* Task prompt *
Without including any picture, copy the entries that follow word for word.
⟨
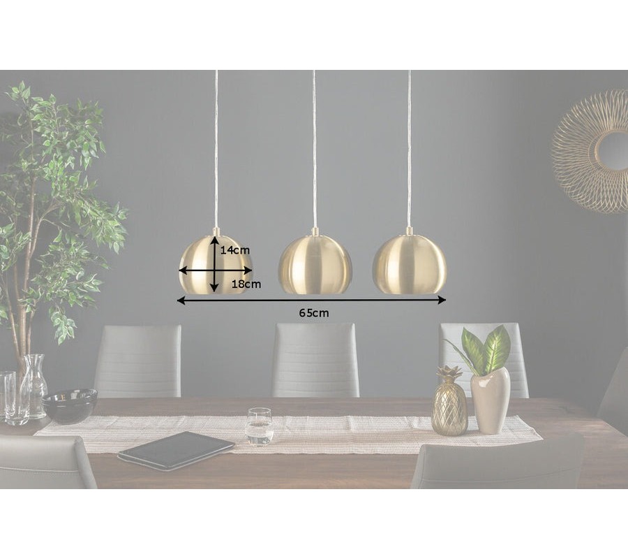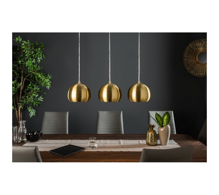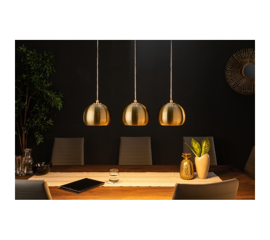 Dizajnová moderná závesná lampa Amaris s obdĺžnikovou krytinou a tromi okrúhlymi tienidlami zlatá 65 cm
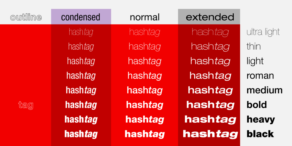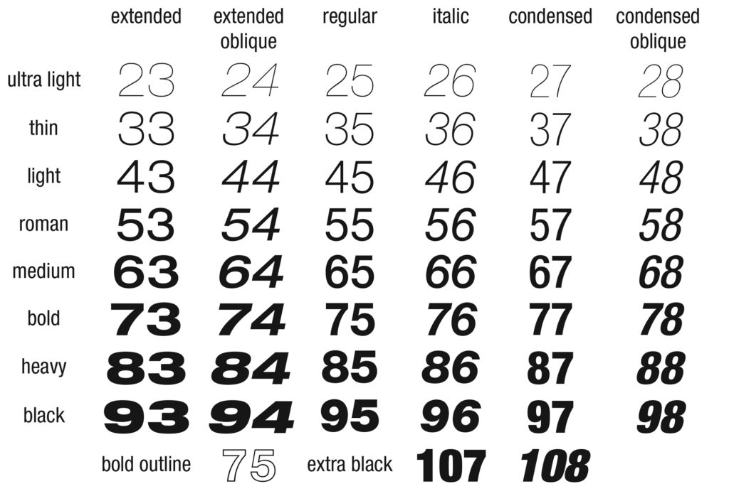 Along with the subtle improvements in clarity and consistency, one of the great things about this new ‘Neue’ family was the use of the numbering system to identify weights, widths and styles. This is the same system that Adrian Frutiger created for Univers, back when both type designs first appeared. The logic is simple: ’55’ is Helvetica Roman, the standard weight (neither bold nor light) and width (neither expanded nor condensed). The tens part of the number rises as the weight goes up: 65 for Medium, 75 for Bold, 85 for Black, and 95 for the ultimate Extra Black. At the other end of the scale, 25 is Ultra Light. The ‘ones’ part of the number handles two things: width (3 is wider than 5, 7 is more condensed) and style (odd numbers are upright, even numbers are italic).
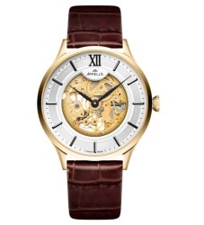 Appella L90.1B63SM Zegarek męski Appella L90.1B63SM to stylowy czasomierz łączący klasykę z nowoczesnym wykonaniem. Jego koperta wykonana jest ze stali nierdzewnej pokrytej powłoką PVD w kolorze złotym, a jej średnica wynosi 41 mm, co czyni zegarek idealnym wyborem dla miłośników eleganckiego designu. Zegarek posiada srebrną tarczę oraz ręcznie zdobiony mechanizm nakręcany Eta 7001, co zapewnia precyzyjne odmierzanie czasu. Szkło szafirowe z powłoką antyrefleksyjną chroni tarczę przed zarysowaniami i zapewnia doskonałą czytelność w różnych warunkach oświetleniowych. Detal który ma znaczenie Zegarek jest wyposażony w skórzany pasek z zapięciem typu motylkowego, co dodaje elegancji i komfortu noszenia. Tylna część koperty również pokryta jest szafirowym szkłem antyrefleksyjnym, co pozwala podziwiać ręcznie dekorowany mechanizm. Cechy szczególne:
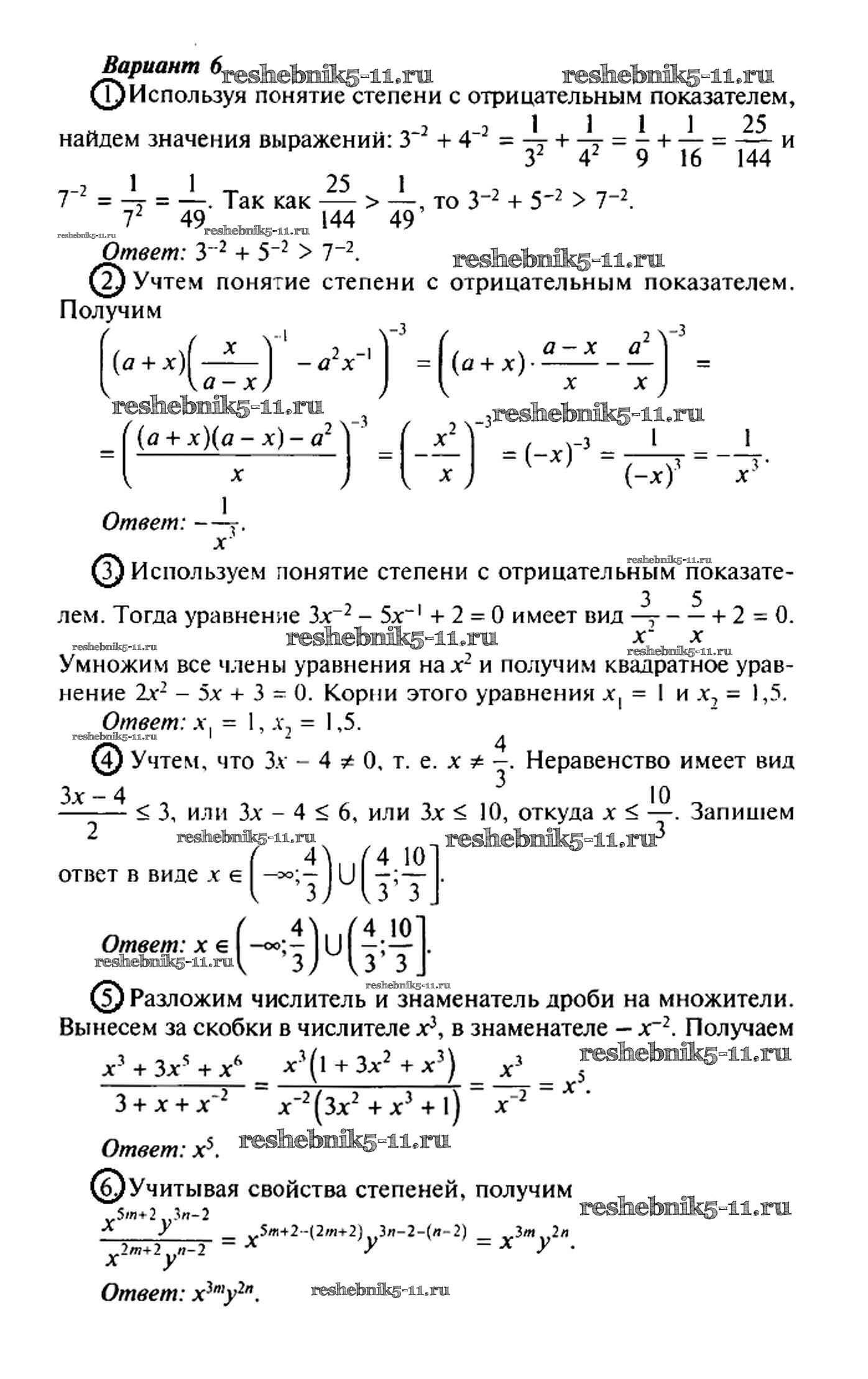 Готовая домашняя работа с ответами по Алгебре за 8 класс Рурукин Поурочные разработки УМК ВАКО 2019 ФГОС - Степень с целым показателем (Варианты) 6
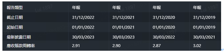 由上圖得知該公司2022年對比2019年,應收賬款周轉率有所減少,收款效率降低,但整體趨向平穩, 收款流程運作穩定。
⟩
* Task answer *
 Dizajnová moderná závesná lampa Amaris s obdĺžnikovou krytinou a tromi okrúhlymi tienidlami zlatá 65 cm
 Along with the subtle improvements in clarity and consistency, one of the great things about this new ‘Neue’ family was the use of the numbering system to identify weights, widths and styles. This is the same system that Adrian Frutiger created for Univers, back when both type designs first appeared. The logic is simple: ’55’ is Helvetica Roman, the standard weight (neither bold nor light) and width (neither expanded nor condensed). The tens part of the number rises as the weight goes up: 65 for Medium, 75 for Bold, 85 for Black, and 95 for the ultimate Extra Black. At the other end of the scale, 25 is Ultra Light. The ‘ones’ part of the number handles two things: width (3 is wider than 5, 7 is more condensed) and style (odd numbers are upright, even numbers are italic).
 Appella L90.1B63SM Zegarek męski Appella L90.1B63SM to stylowy czasomierz łączący klasykę z nowoczesnym wykonaniem. Jego koperta wykonana jest ze stali nierdzewnej pokrytej powłoką PVD w kolorze złotym, a jej średnica wynosi 41 mm, co czyni zegarek idealnym wyborem dla miłośników eleganckiego designu. Zegarek posiada srebrną tarczę oraz ręcznie zdobiony mechanizm nakręcany Eta 7001, co zapewnia precyzyjne odmierzanie czasu. Szkło szafirowe z powłoką antyrefleksyjną chroni tarczę przed zarysowaniami i zapewnia doskonałą czytelność w różnych warunkach oświetleniowych. Detal który ma znaczenie Zegarek jest wyposażony w skórzany pasek z zapięciem typu motylkowego, co dodaje elegancji i komfortu noszenia. Tylna część koperty również pokryta jest szafirowym szkłem antyrefleksyjnym, co pozwala podziwiać ręcznie dekorowany mechanizm. Cechy szczególne:
 Готовая домашняя работа с ответами по Алгебре за 8 класс Рурукин Поурочные разработки УМК ВАКО 2019 ФГОС - Степень с целым показателем (Варианты) 6
 由上圖得知該公司2022年對比2019年,應收賬款周轉率有所減少,收款效率降低,但整體趨向平穩, 收款流程運作穩定。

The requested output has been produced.